> PROBLEM DESCRIPTION
Repeat every record below exactly, leaving out the pictures.

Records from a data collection

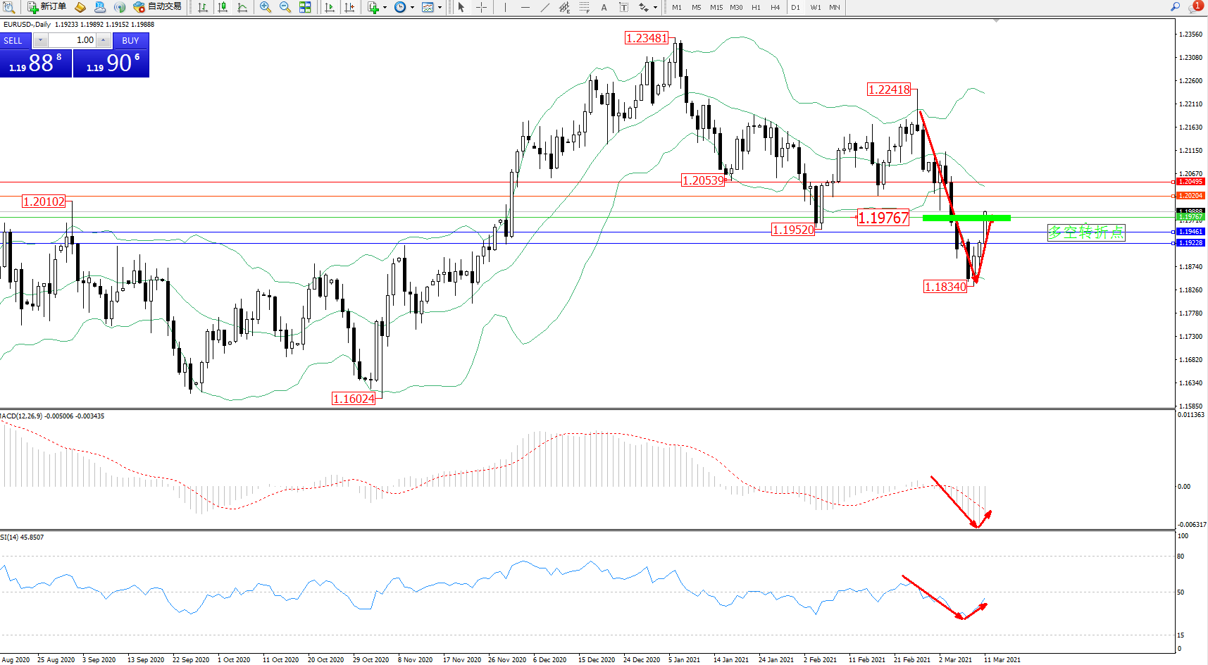 欧元兑美元低位多头上移至1.19846附近震荡,欧洲央行维持三大关键利率不变,符合市场预期;欧洲央行随时准备适当地调整其所有工具,以确保通胀以一种持续的方式朝着其目标移动,符合其对对称的承诺;将至少在2022年3月底前进行PEPP净购买;欧洲央行将继续在紧急抗疫购债计划(PEPP)下进行净资产购买,总规模为1.85万亿欧元,至少到2022年3月底;基于对融资条件和通胀前景的联合评估,欧洲央行预计下一季度购买PEPP的速度将显著高于今年头几个月;将继续通过其再融资操作提供充足的流动性,下个季度的购买力将大幅提高;欧洲央行预计利率将保持在当前或更低的水平,直到看到通胀前景强劲地趋同于一个足够接近,但在其预期范围内低于2%的水平。
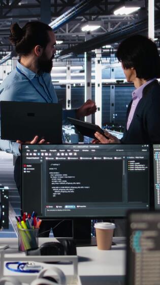 verticale dati centro manager supervisione opera fatto di programmatori Lavorando su neurale Rete Software. server centro supervisore supervisione esso personale membri implementazione in profondità apprendimento tecnologia, telecamera un' Video Pro
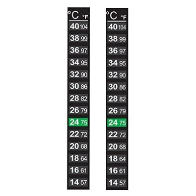 FAST AND ACCURATE READINGS- Easy to read Centigrade/Fahrenheit Dual Scale. No Mercury ADHESIVE BACKED- Will withstand washing on the surface it is applied Will stick on glass, metal and plastic surfaces Thermometer strips measure 115mm by 15mm. Pack of 2. No batteries are needed to use this product Suitable as a general thermometer- Use in the home, school or at work. It is effective for reading temperatures in greenhouses or plant nurseries
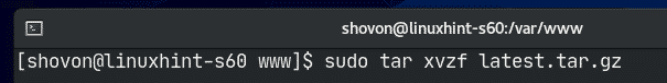 Now, extract the WordPress archive file latest.tar.gz with the following command:
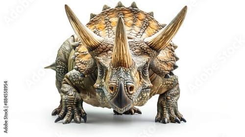 This image showcases a front-facing Triceratops with realistic detailing, illustrating its distinct features such as facial horns, frilled crest, and armored body in vivid accuracy.
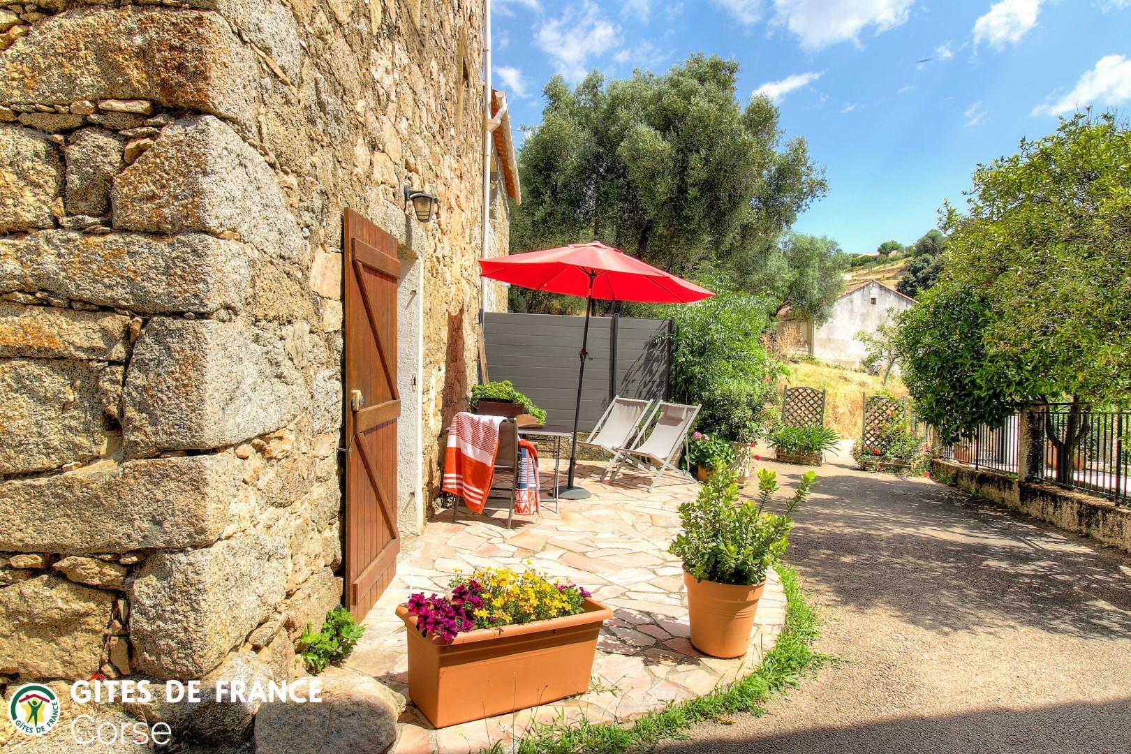 Dans le hameau : studio de 24 m² au rez-de-chaussée d’une maison mitoyenne en pierres comportant un autre logement à l’étage. Il se compose ainsi:

> RESULT OF THIS TASK
 欧元兑美元低位多头上移至1.19846附近震荡,欧洲央行维持三大关键利率不变,符合市场预期;欧洲央行随时准备适当地调整其所有工具,以确保通胀以一种持续的方式朝着其目标移动,符合其对对称的承诺;将至少在2022年3月底前进行PEPP净购买;欧洲央行将继续在紧急抗疫购债计划(PEPP)下进行净资产购买,总规模为1.85万亿欧元,至少到2022年3月底;基于对融资条件和通胀前景的联合评估,欧洲央行预计下一季度购买PEPP的速度将显著高于今年头几个月;将继续通过其再融资操作提供充足的流动性,下个季度的购买力将大幅提高;欧洲央行预计利率将保持在当前或更低的水平,直到看到通胀前景强劲地趋同于一个足够接近,但在其预期范围内低于2%的水平。
 verticale dati centro manager supervisione opera fatto di programmatori Lavorando su neurale Rete Software. server centro supervisore supervisione esso personale membri implementazione in profondità apprendimento tecnologia, telecamera un' Video Pro
 FAST AND ACCURATE READINGS- Easy to read Centigrade/Fahrenheit Dual Scale. No Mercury ADHESIVE BACKED- Will withstand washing on the surface it is applied Will stick on glass, metal and plastic surfaces Thermometer strips measure 115mm by 15mm. Pack of 2. No batteries are needed to use this product Suitable as a general thermometer- Use in the home, school or at work. It is effective for reading temperatures in greenhouses or plant nurseries
 Now, extract the WordPress archive file latest.tar.gz with the following command:
 This image showcases a front-facing Triceratops with realistic detailing, illustrating its distinct features such as facial horns, frilled crest, and armored body in vivid accuracy.
 Dans le hameau : studio de 24 m² au rez-de-chaussée d’une maison mitoyenne en pierres comportant un autre logement à l’étage. Il se compose ainsi:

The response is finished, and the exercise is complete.